All 20 patients achieved procedure success. No heart block occurred during the operation. One patient had a transient complete right bundle branch block within 48 h post-procedure and reverted to normal rhythm after intravenous injections of dexamethasone for 3 d. For all 20 patients, no residual shunt was observed by transthoracic echocardiography post-procedure. During the average follow-up period of 2.4 years, no severe TR was observed.

CONCLUSION

Using of the improved PDA occluder for the transcatheter closure of PmVSD with abnormally attached tricuspid chordae tendineae is a safe and promising treatment option. However, long-term follow-up in a large group of patients is still warranted.
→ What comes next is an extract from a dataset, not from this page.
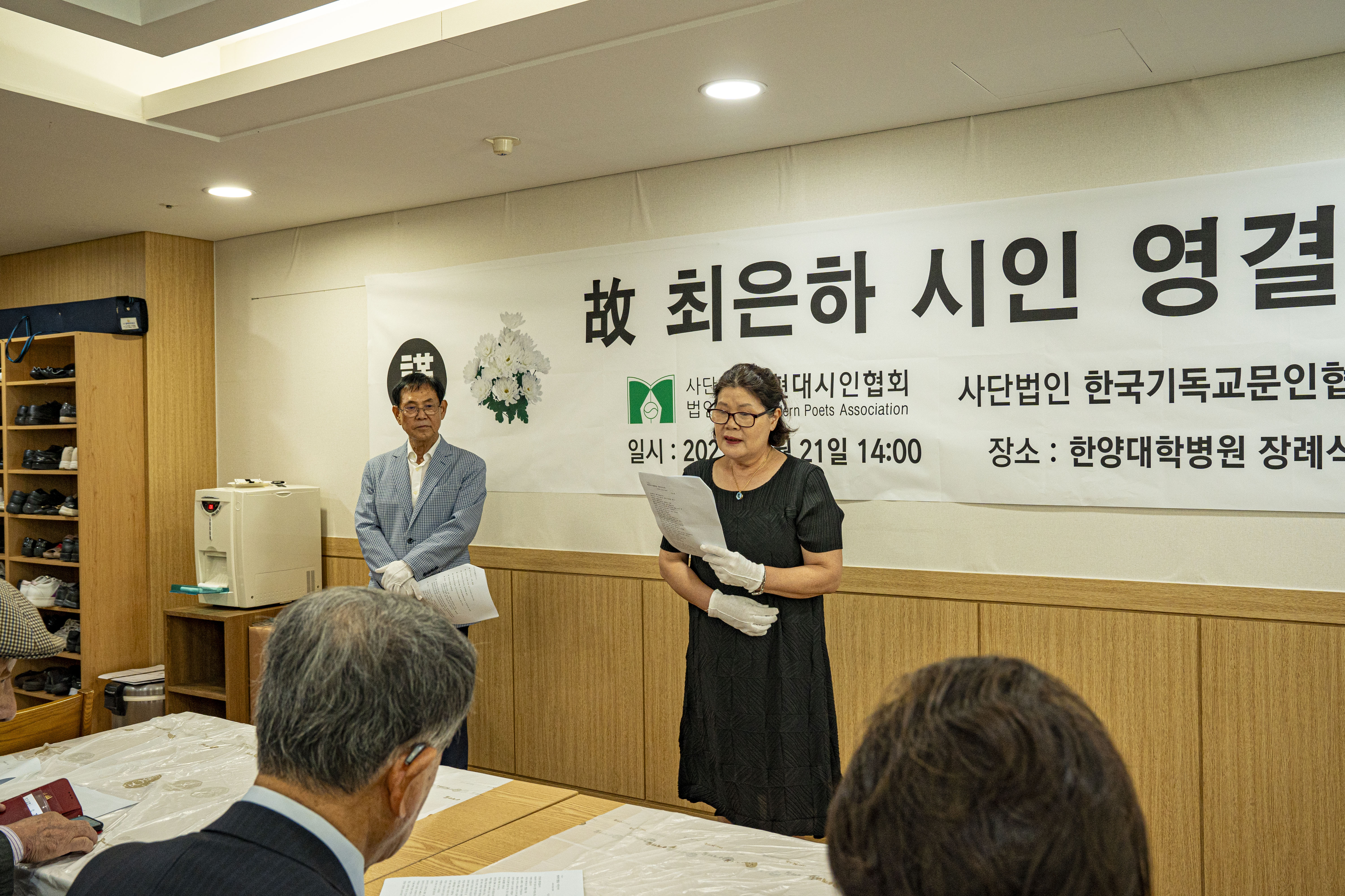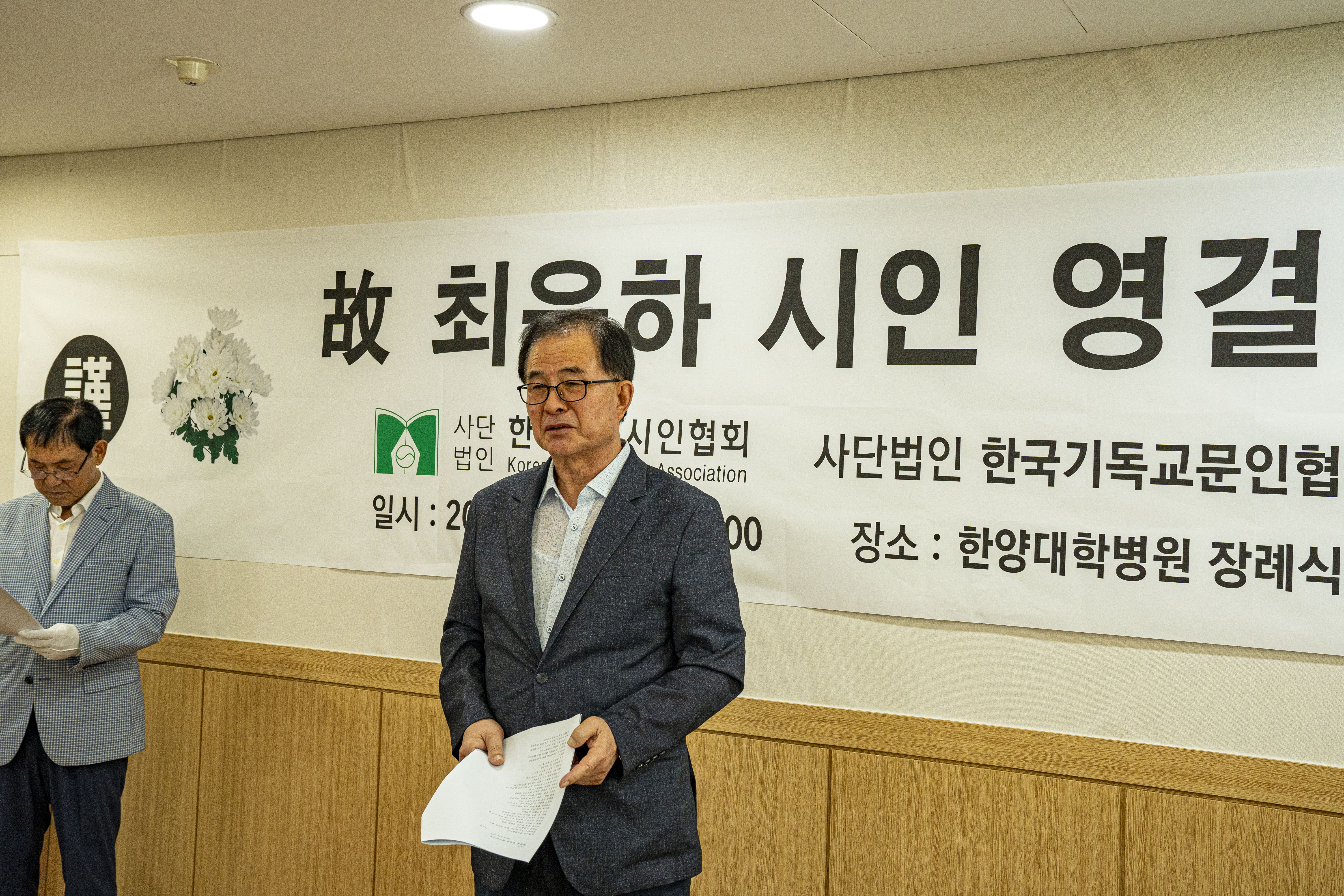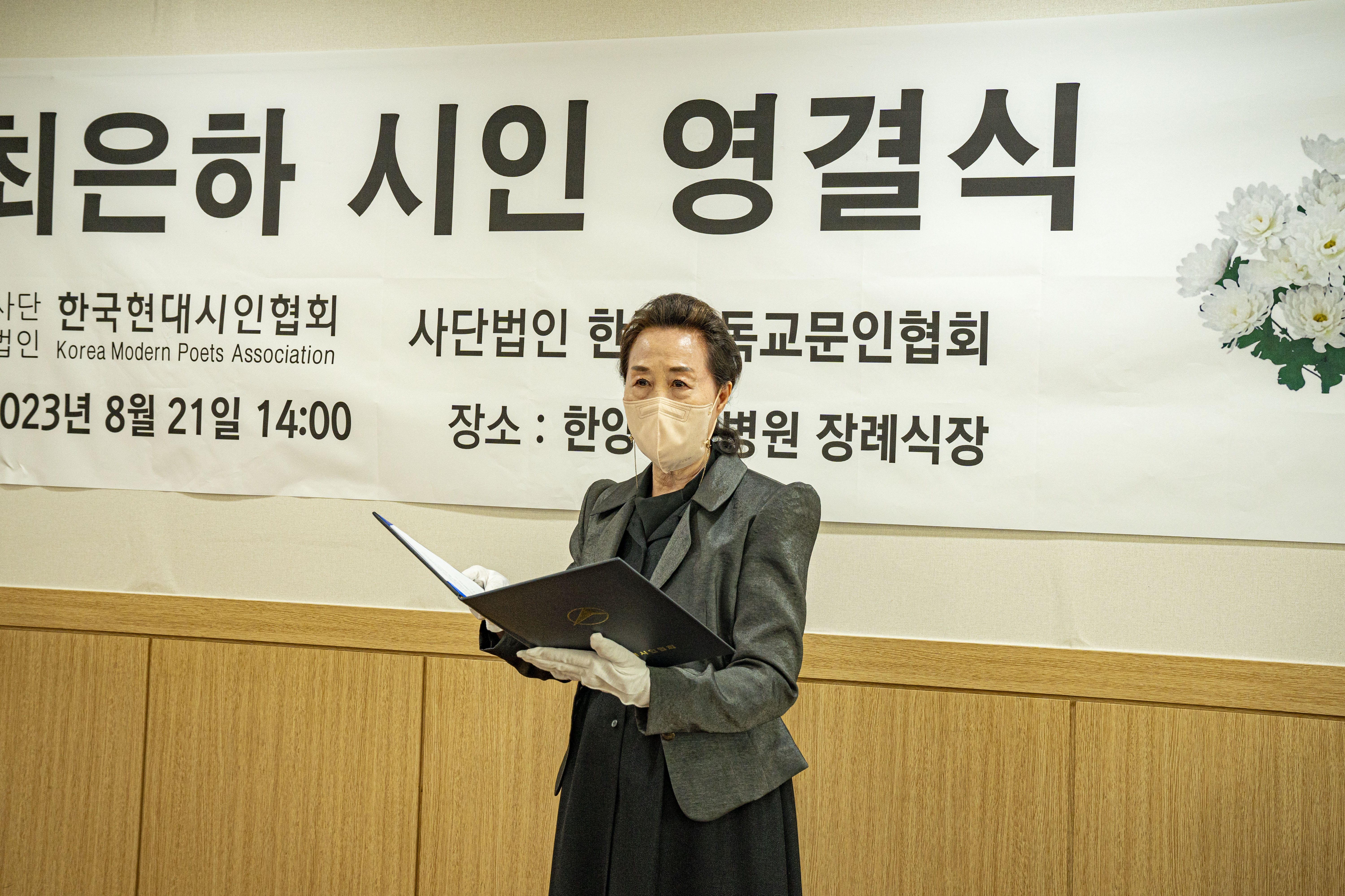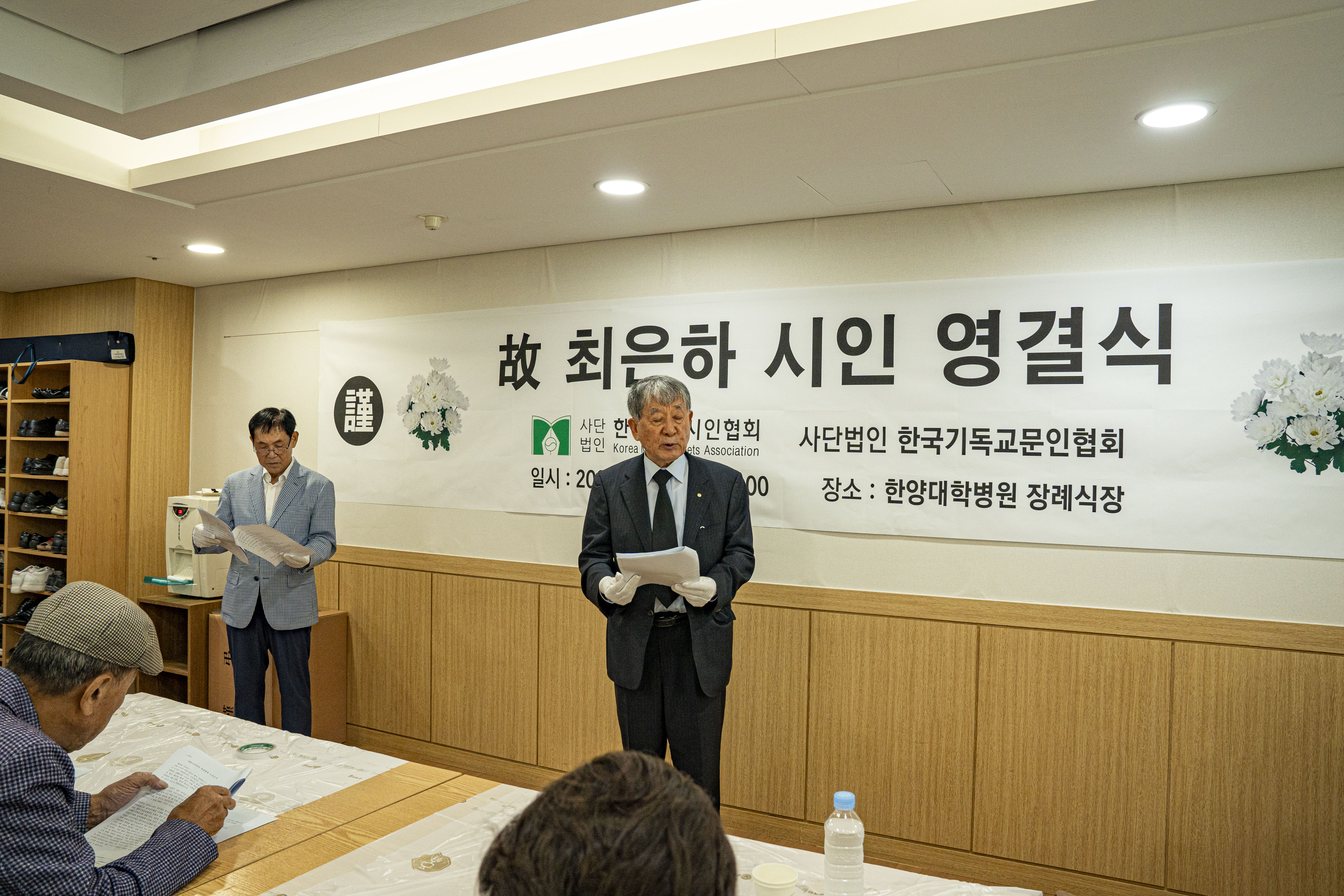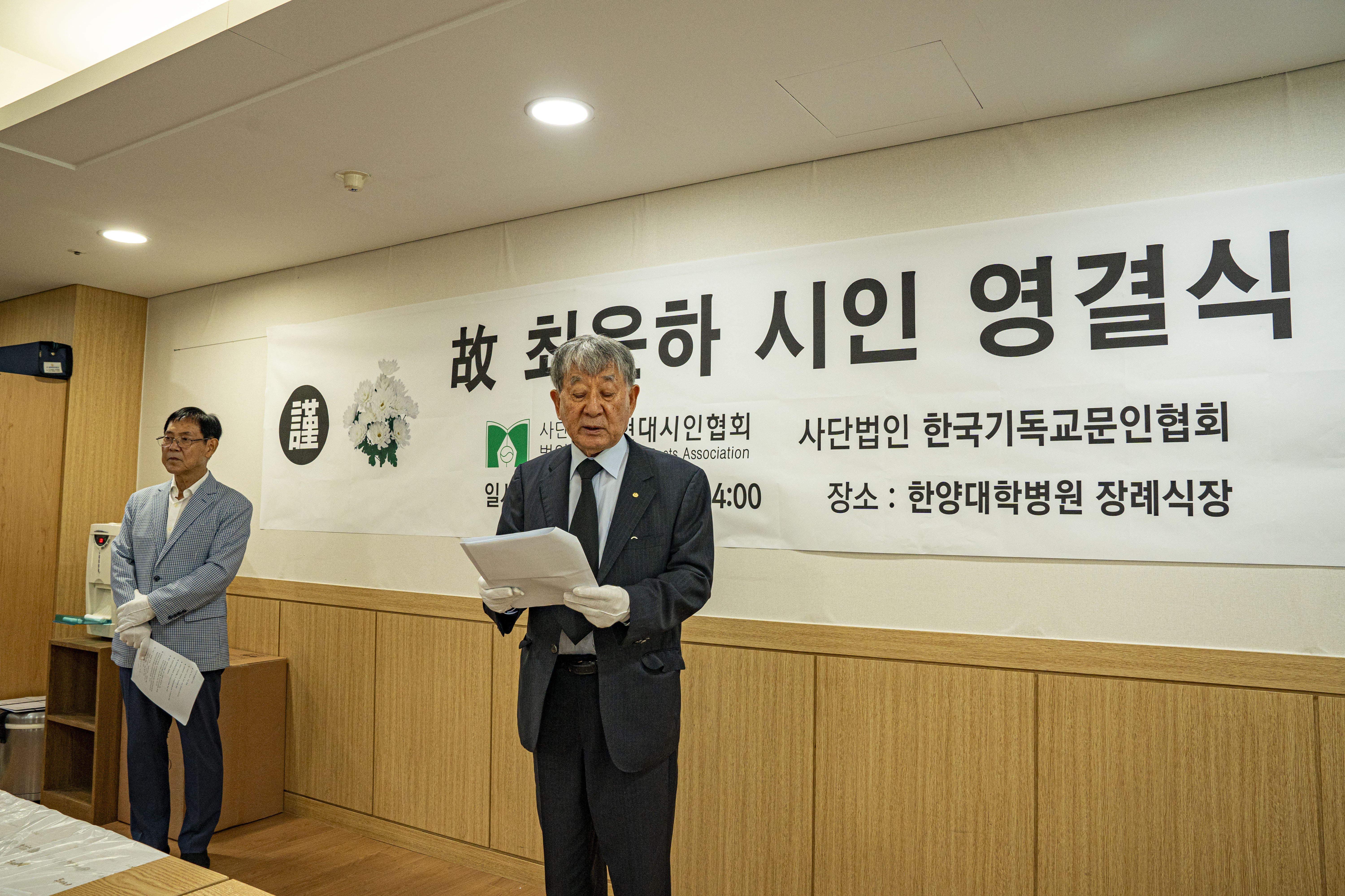 한국현대시인협회 종신평의원으로 시인을 보내는 자리에 여러 후배 문인들이 모여 시인의 작품을 읽으면서 추모한다

Key Words: Ventricular septal defect, Transcatheter, Patent ductus arteriosus occlude, Tricuspid regurgitation, Chordae tendineae

Core tip: The aim of this study was to explore the feasibility and safety of transcatheter closure of perimembranous ventricular septal defects (PmVSD) with abnormally attached tricuspid chordae tendineae using an improved PDA occluder. A total of 20 patients diagnosed with PmVSD with abnormally attached tricuspid chordae tendineae who underwent interventional treatment using the improved patent ductus arteriosus (PDA) occluder were observed. All 20 patients achieved procedure success, and no residual shunt or severe tricuspid regurgitation was observed. Our study suggested that using of the improved PDA occluder for the transcatheter closure of PmVSD with abnormally attached tricuspid chordae tendineae is a safe and promising treatment option.



INTRODUCTION

Transcatheter interventional therapy for certain types of perimembranous ventricular septal defects (PmVSD) is a substitute for surgical treatment. However, post-procedure complications of interventional therapy such as heart block[1-4] and tricuspid regurgitation (TR)[5,6] are often reported and appear serious, thus limiting the clinical application of this procedure. Furthermore, PmVSD are not infrequently complicated by the presence of aneurysmal fibrous tissue from the septal leaflet of the tricuspid valve, making the use of the device technically challenging and increasing the potential risk of inducing increased tricuspid insufficiency[7].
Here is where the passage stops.